後悔


 自室の窓から、庭師と話すサラの姿が見えた。

 仕事柄話が合うのだろうが、親しげに笑っている姿を見るとあの場に飛んでいきたくなる。あの声を聞きたい、話したい、できることなら笑ってはくれないだろうかという渇望が胸を占め、息苦しさに思わず目を瞑る。


 あれからずっと、声をかけていない。

 どんな顔で、どんなふうに声をかければいいのか、わからなくて。

 きっとどんな顔でどんなふうに声をかけても何事もなかったかのように以前と変わらない態度で接してくれるだろうと思う。

 しかし実際に声をかけようとすると、耳の奥にあの時の彼女の言葉が蘇る。泣き出しそうなほど潤んだ目で必死に笑っている表情を思い出し、胸が抉られるように痛む。
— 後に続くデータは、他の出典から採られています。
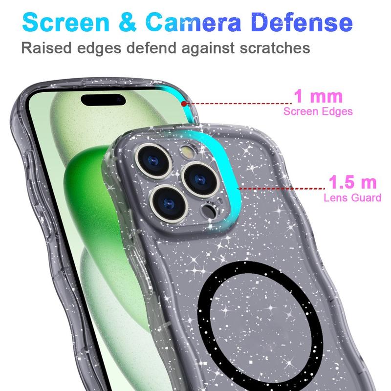 Coque MagSafe en TPU Wave-Edge Laser Glitter pour iPhone 15 Pro Max

その痛みに邪魔されて……結局、話しかけられずにいる。


 それでもふと気づくと、彼女の姿を探しているのだ。

 見つけても、こうして遠巻きに眺めるだけなのに。

 眺めて、そして胸を焦がすだけなのに。


――お戯れにはお付き合いできません。


 いずれ捨てられるとわかっている人と付き合う気はない、妾の肩書きなどいらないという、きっぱりとした拒否。


 そんなつもりではなかった……本当に。


(――愚かだ……)


 頭を抱え込み、小さく呻いた。

 断られるなどとは、微塵も思っていなかったのだ。

 それがまずなによりも愚かしい。

 父は厭うが、貴族が領内の女性に手を出すなんて、社交会で毎回嫌というほど聞く話でその待遇に断る女性などない、と――。


(本当に……愚かだ……)


――お断りすると、処罰を受けますか?


 怯えた顔でそう尋ねられて、最初から彼女らに選択の余地などないのだと、そんなのは貴族側の勝手な解釈に過ぎないのだと、ようやく気づいたのだから。


 我ながらその愚直な言動にはいっそ竜に踏み潰されたほうがマシだと思うほど恥入るばかりだ。あれほど毛嫌いしていた世界にいつの間にか慣れ、サラにあんなふうに声をかけた愚かさが呪わしいかった。

 身分を持たないサラを正妻にすることはできない。ならば行き着くところ、彼女の言うとおり、妾として囲うのか、いずれ捨てるのか、その2択しかないことになる。

 遊びとなにが違うのかと問われれば、返す言葉がなかった。


 返す言葉は、見つからないけれど。


 だけど、ただもっと、話したかったのだ。

 できるならあの髪にもう一度触れたいとか、唇に触れてみたいとも思わないわけではないけれど。

 けれどそんな下心ではなくて、もっと純粋に、ただもっと近くで、笑っていてほしいと――本当に、ただそれだけの思いだった。


 なのに、逆に彼女を怯えさせてしまった。

 少しでも彼女の立場になって考えればわかったはずのことなのに……。


 深い後悔と自責が息苦しいほどじわじわと胸を苛んだ。



 無意識に、助けを求めるように伸ばしていた指が窓硝子をカツンと打った。


 絵画を愛でるように、遠くで輝く蜂蜜色の髪に指を滑らせ――息苦しさに、ただ、溜息が漏れた。



 サラはその愚かさを、優しい人だと笑って赦した。


 それはまるで、雷雲の切れ間から差し込む光のような赦しに思えた。

 畏れ多くても、届かなくても、救いを求めて手を伸ばしたくなる神聖なる慈悲の光――。




     * * *




 サラに交際を拒否されてから一月ほど経ったある日のことだ。

 暇を持て余して城内を散歩していると、どこからか聞き覚えのある高慢な男の声がかすかに耳に届いた。声の主が誰だったかすぐには思い出せなかったが、少なくとも好ましい人間ではなかったと思う。あえて嫌いな人間と顔を合わせるのも気が進まないが、嫌な奴に城内で好き勝手されるのも癪に障る。

 しばし逡巡したが、結局なにか嫌な予感のようなものに導かれて声の聞こえてくる方向に足を向けた。